Now, let's verify that the optimal policy for n=3 is the optimal policy as n \to \infty. You're basically solving some recurrence relations. Here's are the actual recurrence relations (derivation omitted):

\underbrace{g + c_1 = 6 + 0.7c_1 + 0.3c_2}_{\text{for state 1}} \quad \text{and} \quad \underbrace{g + c_2 = 3 + 0.5c_1 + 0.5c_2}_{\text{for state 2}} \tag{equations (a) and (b)}

where g is the gain derived from choosing the optimal policy at n=3 (which happens to be policy 1 for both states) at each state as n \to \infty, and c_i is \displaystyle \lim_{n\to\infty} f_n(i) (so the expected reward, over an infinite horizon).
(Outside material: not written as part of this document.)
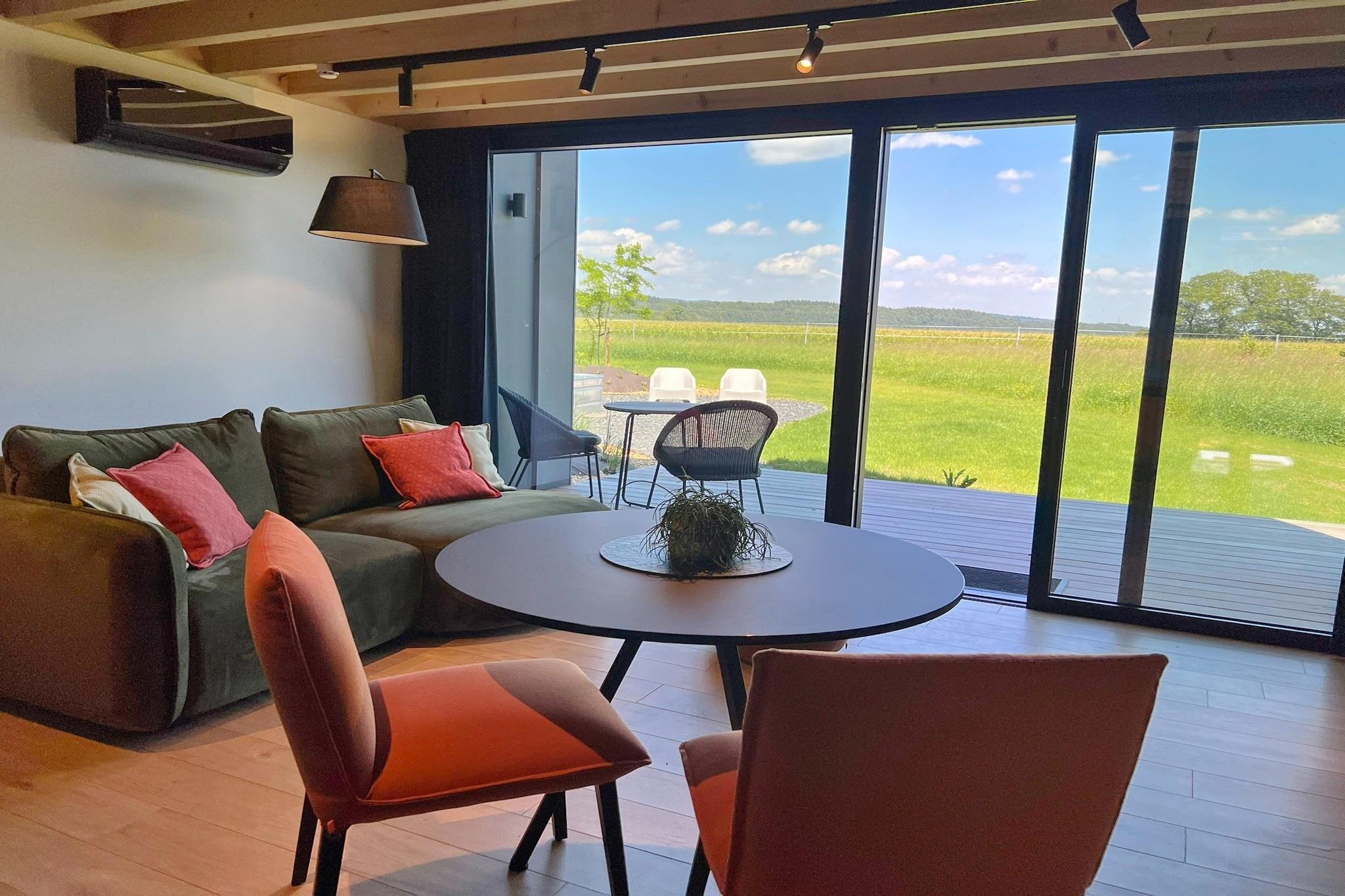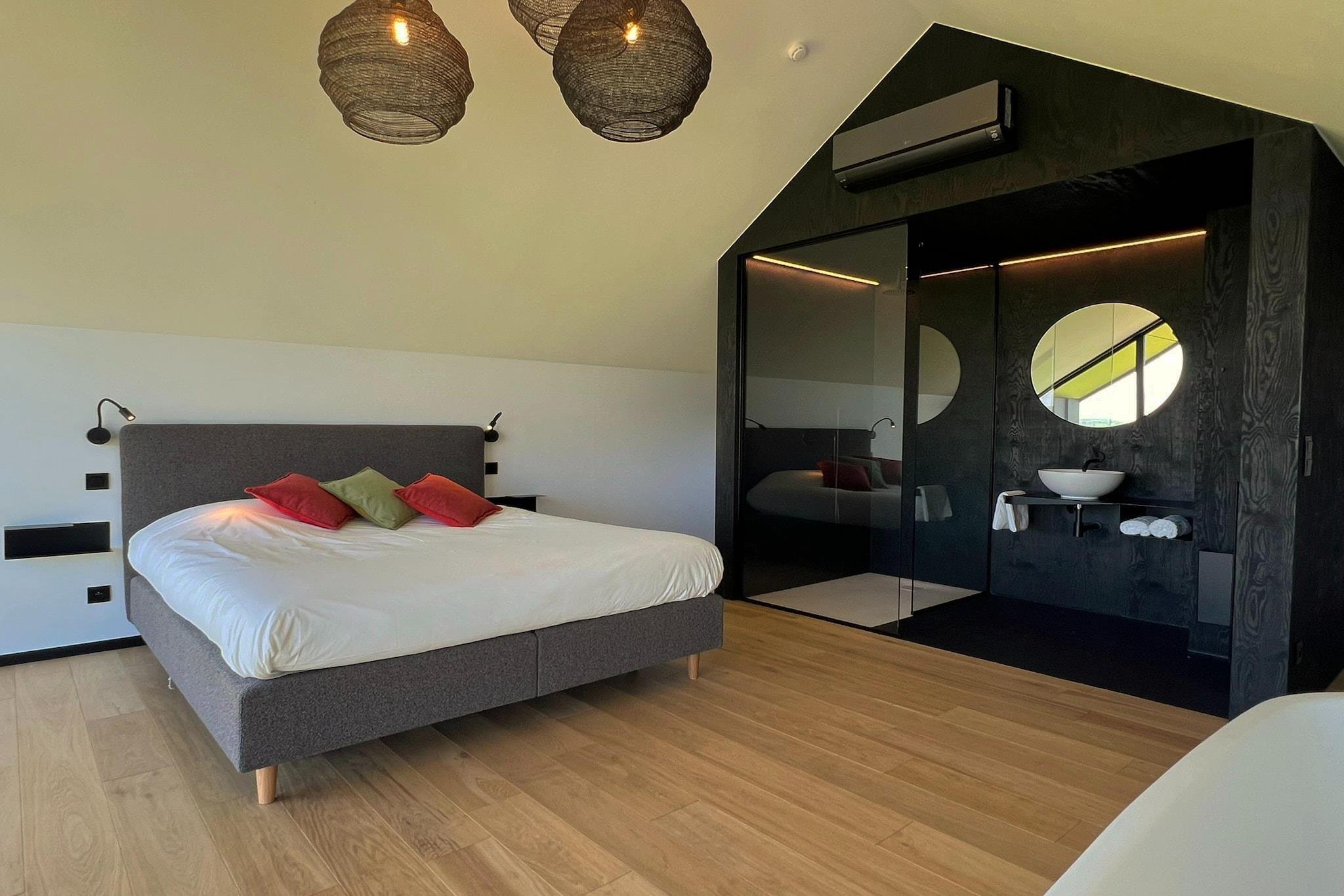 Flugt til en hyggelig og moderne lodge, perfekt til en romantisk ferie for to. Stueetagen byder på et fuldt udstyret tekøkken med en kombineret mikroovn, køleskab, kogeplader og en Nespresso-maskine samt en komfortabel stue med tv og WiFi. Et separat toilet tilføjer ekstra bekvemmelighed. Ovenpå kan du nyde et luksuriøst badeværelse med bruser og håndvask samt et soveværelse med en rummelig XL-dobbeltboks. Slap af i duo-badet, mens du nyder panoramaudsigten over den fantastiske Ourthe-dal. Den semi-overdækkede terrasse med havemøbler giver en betagende udsigt. Udenfor kan du slappe af i dit private afslapningsområde med et træfyret spabad, bålplads til hyggelige aftener og liggestole. Den fredelige have, som deles med tre andre hytter, omfatter en fælles swimmingpool. Beliggende kun få skridt fra maleriske Durbuy, er denne lodge en ideel base for gåture, cykling eller blot at nyde naturens ro.

Then, to solve for c_1 and c_2, we subtract the two equations:

c_1 - c_2 = 6 + 0.7c_1 + 0.3c_2 - 3 - 0.5c_1 - 0.5c_2 = 3 + 0.2c_1 -0.2c_2

Thus we have 0.8c_1 -0.8c_2 = 3 and so c_1-c_2 = 30/8 = 3.75. So the expected gain in choosing policy 1 (over policy 2) for each time step at each state is 3.75. Next, we add (a) and (b):

2g + c_1 + c_2 = 9 + 1.2c_1 + 0.8c_2

Rearranging, we get 2g = 9 + 0.2c_1-0.2c_2 = 9+0.2(c_1-c_2) = 9+0.2(3.75) = 9.75. So g=9.75/2 = 4.875. I don't know what we do with this though.

Then, we use the PIR to find the optimal policy ???
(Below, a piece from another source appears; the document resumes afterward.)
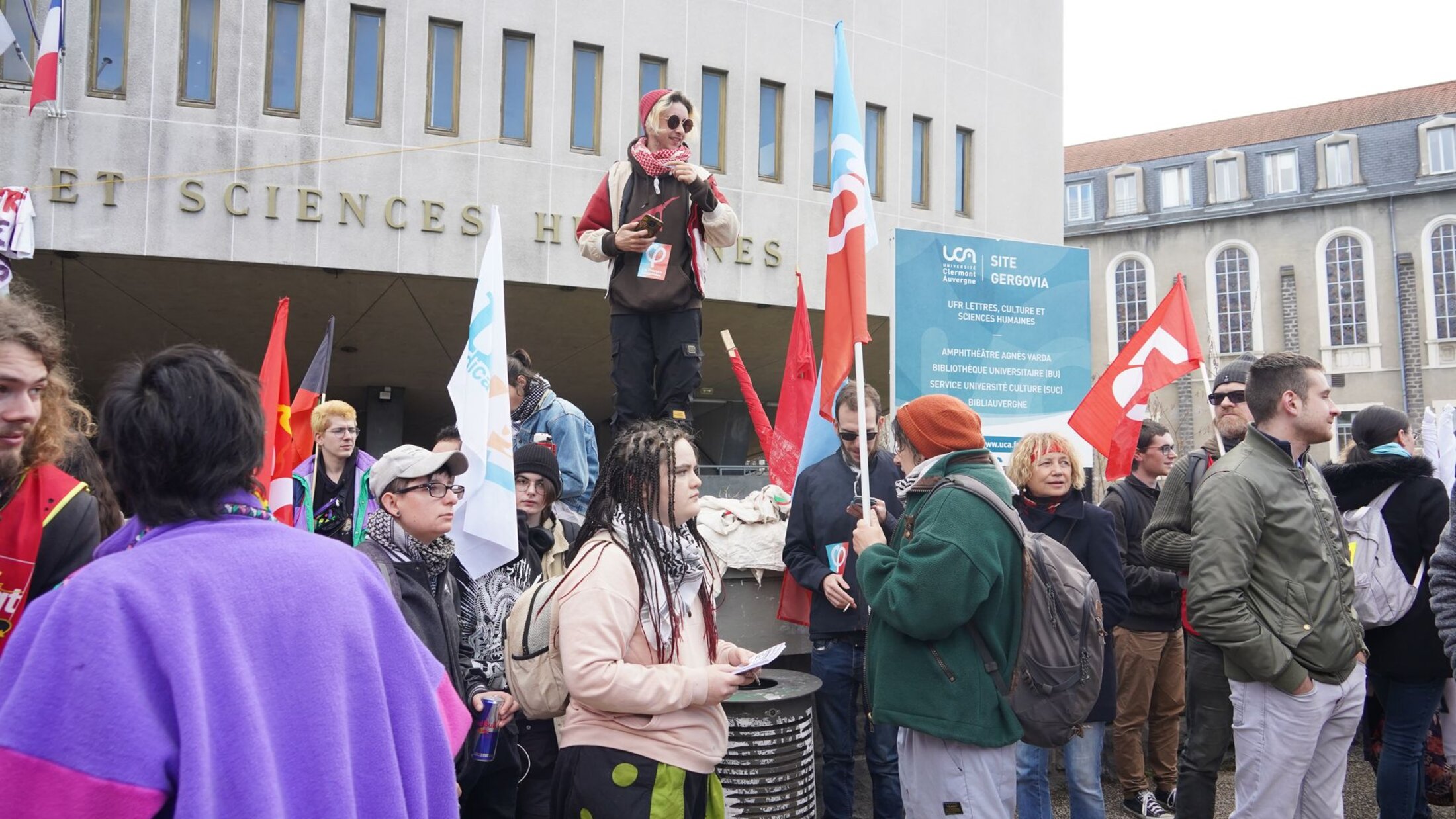 Après des jours de blocage devant la faculté de lettres et sciences humaines de Clermont-Ferrand (et par rotation devant d'autre sites) pour convaincre le plus d'étudiant·es possible de participer au mouvement contre la réforme des retraites, une manifestation étudiante et lycéenne avec un renfort important des organisations syndicales s'est déplacée sur un itinéraire inhabituel de cet établissement à la Préfecture profitant d'un beau temps contrastant avec la veille au soir.

PIR = \max \left [ q_i^k + \sum_{j=1}^n P_{ij}^k c_j \right ]

At state 1, you have 6 + 0.7(3.75) = 8.625 (so sub in c_1-c_2 for c_1, maybe c_2=0?) for policy 1, and 3+0.2(3.75) = 3.75 for policy 2. So obviously policy 1 is optimal here.

At state 2, you have 3 + 0.5(3.75) = 4.875 for policy 1, and 2 + 0.6(3.75)= 4.25 for policy 2. Again, policy 1 is the optimal policy.
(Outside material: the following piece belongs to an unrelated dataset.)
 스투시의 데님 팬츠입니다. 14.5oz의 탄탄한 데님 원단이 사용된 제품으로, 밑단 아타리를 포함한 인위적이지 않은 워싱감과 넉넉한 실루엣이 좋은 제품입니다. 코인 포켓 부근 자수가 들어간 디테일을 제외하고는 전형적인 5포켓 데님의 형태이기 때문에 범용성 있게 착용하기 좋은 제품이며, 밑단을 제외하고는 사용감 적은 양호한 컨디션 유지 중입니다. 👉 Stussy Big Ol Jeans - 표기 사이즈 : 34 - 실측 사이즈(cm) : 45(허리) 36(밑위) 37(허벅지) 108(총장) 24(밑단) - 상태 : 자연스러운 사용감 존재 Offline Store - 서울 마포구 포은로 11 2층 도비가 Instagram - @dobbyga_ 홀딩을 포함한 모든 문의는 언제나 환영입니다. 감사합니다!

This confirms that policy 1 at both states is optimal over an infinite horizon.

5Semi-Markov decision processes

6Queueing theory

See the notes.

7Calculus of variations

See the notes.

7.1Example

7.1.1Unconstrained

Maximise:

\int_0^a x^3(y')^2 \, dx \tag{$y(0) = 0$, $y(a) = b$}

Recall Euler's equation:

F_y = -\frac{d}{dx} F_{y'}

F(x, y, y') = x^3(y')^2. F_y = 0, F_{y'} = 2x^3y'. Then

\frac{d}{dx} F_{y'} = \frac{d}{dx} 2x^3y' = 6x^2y' + 2x^3y'' \tag{product rule}

which is equal to 0 because F_y is. So we have the ODE

6x^2y' = -2x^3y''

We can rearrange this to get

xy'' + 3y' = 0

This is a linear ODE! Apparently the solution is y = c_1 + c_2x^{-2} but I'm not sure how to derive that. How do I ODE?

  1. Note that the x-values here don't actually correspond to the values of x the variable that we're trying to find a value for (in W). It should really be called something other than x, to avoid confusion, but Sancho uses x and it's probably even more confusing to change it now.